1.4.5 How to implement sets and maps

Sets and maps are useful in a huge variety of computer programs, and are perhaps the most useful of all data structures. But how can we design a class that implements a set or a map, in such a way that adding, removing and searching can be done efficiently? In this book we will see several different ways of implementing sets and maps.

In Chapter Arrays: Searching and Sorting, we will see how to implement a set using an array. By sorting the items in the array, it is possible to look up information efficiently. However, it turns out that adding and removing items is quite expensive. An array is a suitable way of storing a set or a map if its contents never changes.

In Chapter Search Trees, we learn about balanced binary search trees (BSTs), a data structure for sets and maps where adding, removing and searching are all efficient. BSTs also support the sorted map operations that we used in our final example.

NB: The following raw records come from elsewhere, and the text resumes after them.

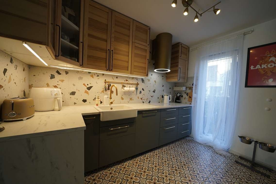 Kuchnia z meblami w zabudowie, część frontów z naturalnego drewna, w pełni wyposażona w sprzęt AGD.
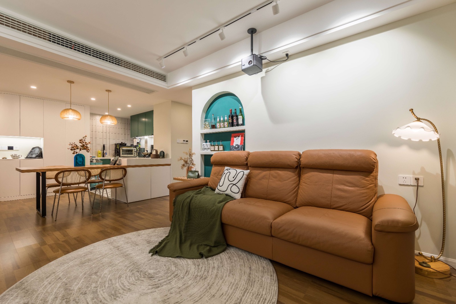 客厅位于进门最前方,整体采用米白色的墙顶面,为避免单调,底部温润的木质地板增添了一份文艺气息。
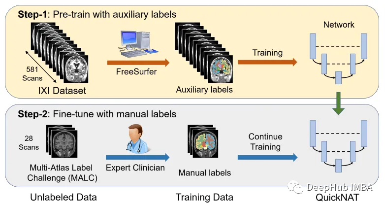 首先,使用现有的软件工具(例如FreeSurfer)从大型未标记数据集中获得自动生成的分割,然后使用这些工具对网络进行预训练。在第二步中,使用更小的手动注释数据[2]对网络进行微调。
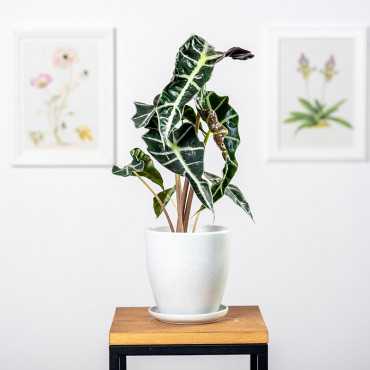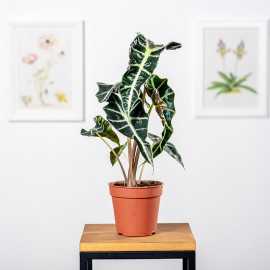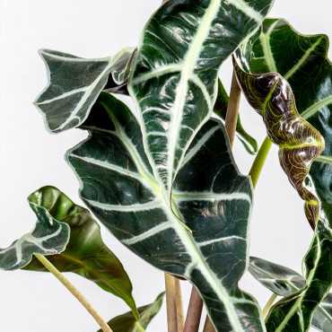 Alokazja amazońska 'Polly' - wyróżnia się liśćmi o pięknym obrazku. Alokazja nie jest prosta w uprawie ale tym którzy potrafią o nią zadbać odwdzięcza się swoją urodą. Alokazja to jedna z najpiękniejszych ozdób jakie możemy umieścić w naszym domu. Jej uroda jest kwintesencją dzisiejszych minimalistycznych zielonych trendów, w których dominują ozdobne liście o oryginalnym kształcie i rysunku. Alokazja jest wyrafinowana w każdym: jej liście to małe dzieło sztuki, ozdobą są również barwne łodygi. Roślina pochodzi z rejonów tropikalnych i w takich warunkach najlepiej się czuje.
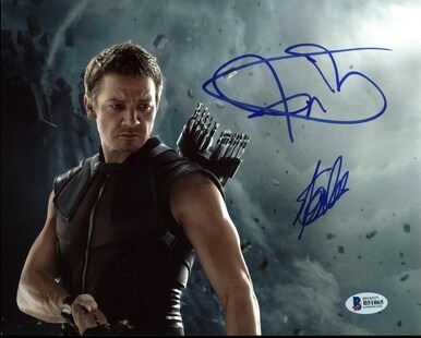 This is a Authentic Signed 8X10 Photo that has been Personally Signed & Autographed by Stan Lee & Jeremy Renner. This item is 100% Authentic to include a Certificate of Authenticity (COA) / hologram by Beckett Authentication Services

In Chapter Hash Tables, we learn about hash tables, another way to implement the set and map ADTs. In a hash table, add, remove and contains are even faster than in a BST, but hash tables are somewhat harder to use than BSTs, and do not support the sorted map operations.

Balanced BSTs and hash tables are the main ways that sets and maps are implemented in practice. Almost every programming language provides sets and maps as a built-in feature, based on one of these technologies. For example, Java’s HashSet, HashMap, TreeSet and TreeMap, and Python’s: sets and dictionaries. By the end of this book you will understand how all of these work.